Если бы разум только опосредовал жизнедеятельность человека и его роль ограничивалась опережающим отражением и простым расчётом возможных следствий, то он был бы просто одной из природных способностей, отличающих человека от других живых существ не больше, чем последние отличаются друг от друга: разум был бы таким же приспособительным свойством человека, каким являются панцирь черепахи или длинная шея жирафа. Правда, как заметил ещё Кант, в этом случае оставалось бы непонятным, зачем природе понадобился разум, ибо она могла достичь своих целей через инстинктивные механизмы – путём привычным и более надёжным.
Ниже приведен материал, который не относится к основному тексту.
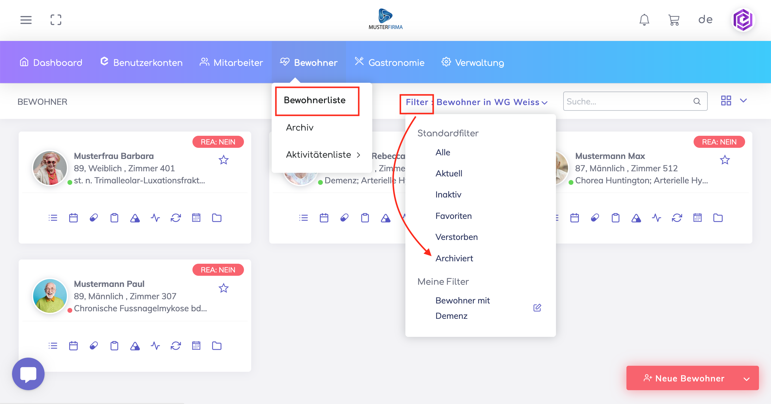 In der Bewohnerliste können Sie den Standardfilter verwenden, um die archivierten Bewohner anzuzeigen, wie unten gezeigt.

Разум – больше, чем приспособительный механизм, обеспечивающий самосохранение человека как биологического вида, хотя, разумеется, он и выполняет эту функцию. Он представляет собой или, по крайней мере, претендует на то, чтобы считаться высшей способностью человека, которая призвана подчинить себе и преобразовать все другие способности. Его назначение состоит в том, чтобы придать бытию человека иной - надприродный, сверхприродный – смысл и саму эволюцию природы перевести из стихийной формы в сознательную. Практическое применение разума связано с теоретическим и его роль в принятии решения заключается в том, чтобы оно было принято на основе правильного суждения и ориентировано на такую цель, которая в совокупности возможных целей является наилучшей. Речь идёт о том, чтобы сама цель соответствовала гносеологическим критериям – была несомненной в своей истинности, безусловно истинной.
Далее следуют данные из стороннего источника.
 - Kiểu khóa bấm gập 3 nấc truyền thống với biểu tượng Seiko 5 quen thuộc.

Фундаментальный принцип разума, обосновывающий одновременно его верховную роль в жизнедеятельности человека – это принцип единства истины и блага. Истина является основой и движущей силой познания, благо является основой и движущей силой деятельности. Участие разума в принятии решения в конечном счете предназначено для того, чтобы реализовать принцип единства истины и блага, перевести истину во благо и направить деятельность на истинное благо. Его задача – говорить индивиду, что и как делать, чтобы его действия были осмысленными, вели по пути к истинному благу. Разумные действия – осмысленные действия.

2

Проблема заключается в том, чтобы практическое применение разума было продолжением и выражением его теоретического применения и чтобы решения применялись на основе знания, в соответствии с адекватно сформулированными целями, и тем самым самому жизненному процессу в человеке был придан разумный смысл[1]. Проблематизированная таким образом роль разума в деятельности разворачивается в подлинную драму человеческого существования.
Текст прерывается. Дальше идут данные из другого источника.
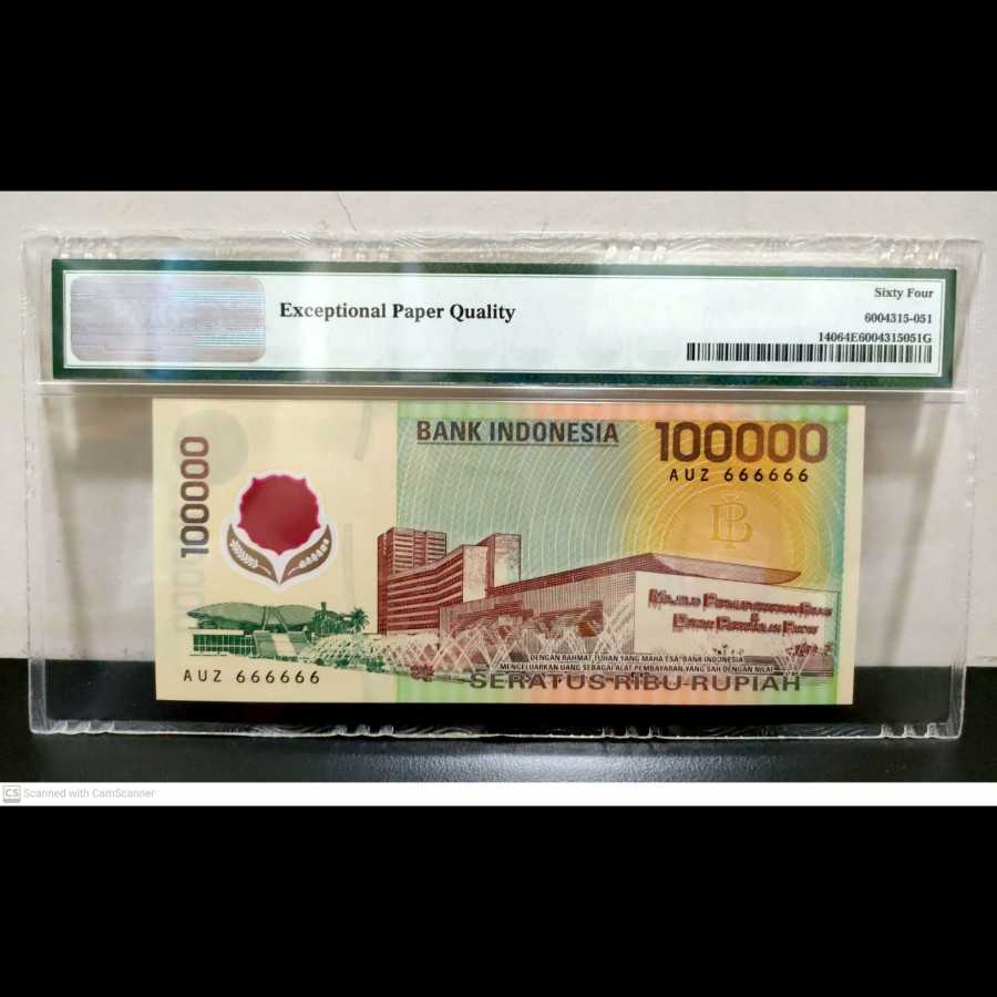 Indonesia 100000 Polymer 1999 Solid 666666 UNC PMG 64 EPQ

Первый акт этой драмы состоит в том, что завязывается конфликт между инструментальным использованием разума в качестве расчётного механизма, призванного обслуживать витальные потребности и интересы индивида, и его ролью как смысловой основы деятельности. Конфликт этот неизбежен и неустраним. Так как желания и интересы индивида реализуются через посредство разума, то они стремятся использовать разум в своих целях, как если бы человеческие желания и интересы отличались от желаний и интересов животных только тем, что они осознаны. Поэтому разум как высшая инстанция, которая придаёт смысл человеческой жизнедеятельности, является одновременно обуздывающей инстанцией по отношению к желаниям и интересам, выполняет роль возницы, если воспользоваться известным образом Платона.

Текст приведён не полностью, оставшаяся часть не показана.